Delhi's housing market has become a microcosm of the global urban crisis. With property prices in South Delhi's Defence Colony and Vasant Kunj now rivalling London's Kensington, and middle-class families forced further into the NCR periphery, the National Capital's planners are grappling with questions that mayors from Toronto to Tokyo have already confronted.
The city's latest Master Plan 2041, unveiled by the Delhi Development Authority earlier this year, emphasises mixed-income housing clusters and transit-oriented development. Yet the execution reveals a fundamental tension between ambition and implementation that distinguishes Delhi from cities managing similar crises more effectively.

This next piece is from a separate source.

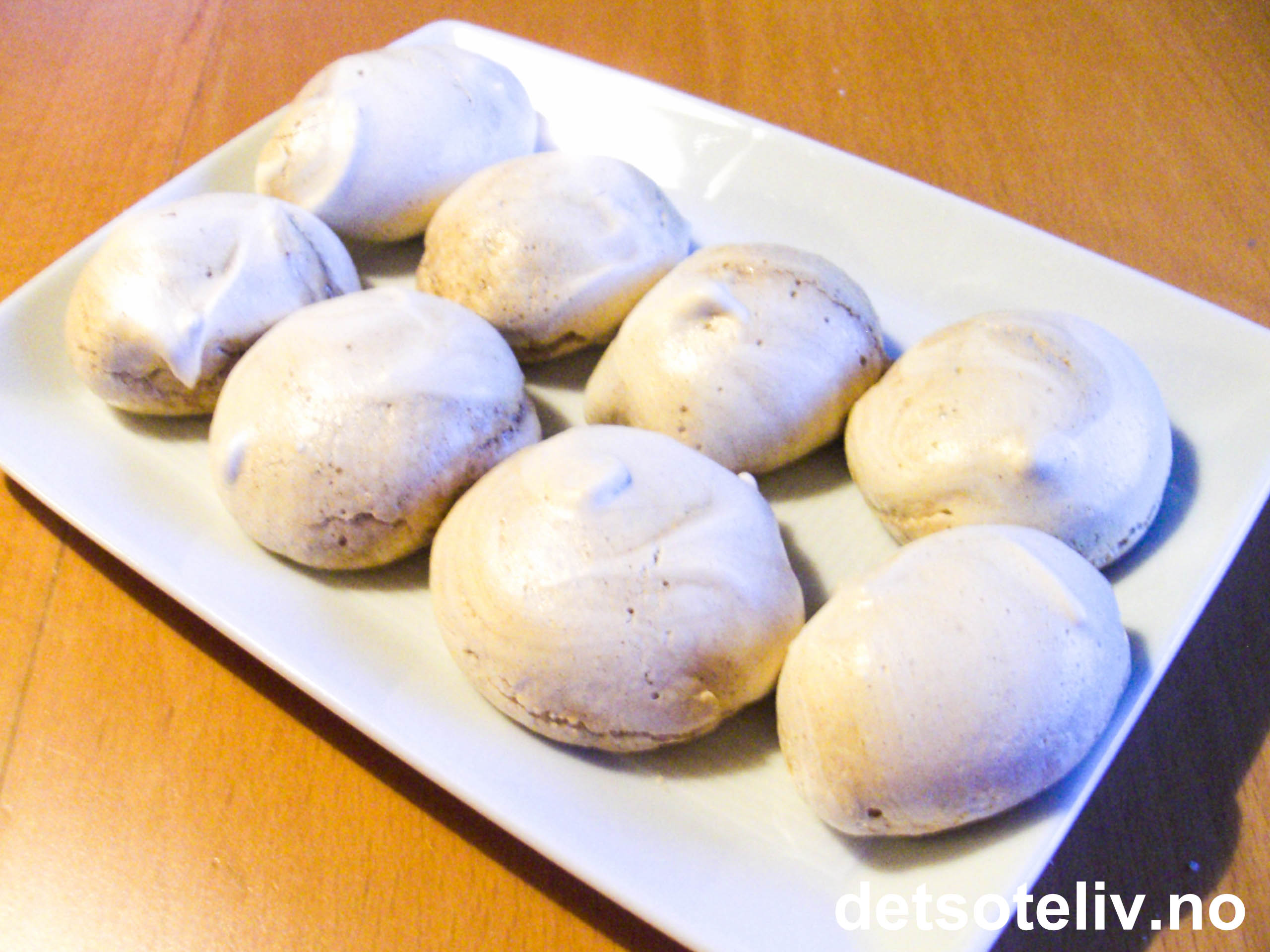 Sett små marengstopper ved hjelp av to teskjeer på bakepapirdekkede stekeplater. Stek marengsen midt i ovnen ved 125°C i ca 1 time, til marengsene kjennes tørre og lette. (Har du varmluftsovn, kan du steke to plater samtidig.)

Consider the numbers: Delhi's housing shortage stands at approximately 1.1 million units, even as real estate prices have surged 18-22% annually in premium zones since 2023. Meanwhile, Singapore—often cited as a global benchmark—houses 80% of its population in subsidised public housing. Seoul has deployed aggressive rent control paired with massive public investment. Even Mumbai, Delhi's rival, has seen marginal improvement through its slum rehabilitation schemes, however imperfect.
Delhi's difference lies in fragmentation. While the DDA controls major development, the Municipal Corporation of Delhi, individual municipalities, and the state government often work at cross-purposes. A comparison with Barcelona is instructive: that city's housing crisis prompted municipal government to acquire land systematically and prioritise affordable units at 30% of new projects. Delhi's affordable housing mandate of 25-35% in private developments, announced with fanfare, has faced implementation snags in areas like Dwarka and the eastern sprawl toward Ghazipur.
The real crisis emerges in neighbourhoods like Karol Bagh and Old Delhi, where vertical densification without corresponding infrastructure—sewage, water, transport—has created overcrowded neighbourhoods that rival the density problems cities like Hong Kong have worked decades to solve. Delhi's hawkers and vendors, increasingly displaced by redevelopment projects like those around Chandni Chowk, lack the relocation provisions that Singapore mandates.
Yet Delhi has potential. Its planned expansion along Metro corridors—the Phase IV extension reaching Noida and Ghaziabad—mirrors strategies that have worked in Toronto and Copenhagen. If coupled with genuine affordable housing delivery and community participation in planning, these corridors could decongest central areas while maintaining livability.
The question isn't whether Delhi can solve housing affordability—that's a global challenge no city has fully conquered. It's whether the capital can learn faster from others' mistakes while implementing its own strategy with consistency. So far, the answer remains uncertain.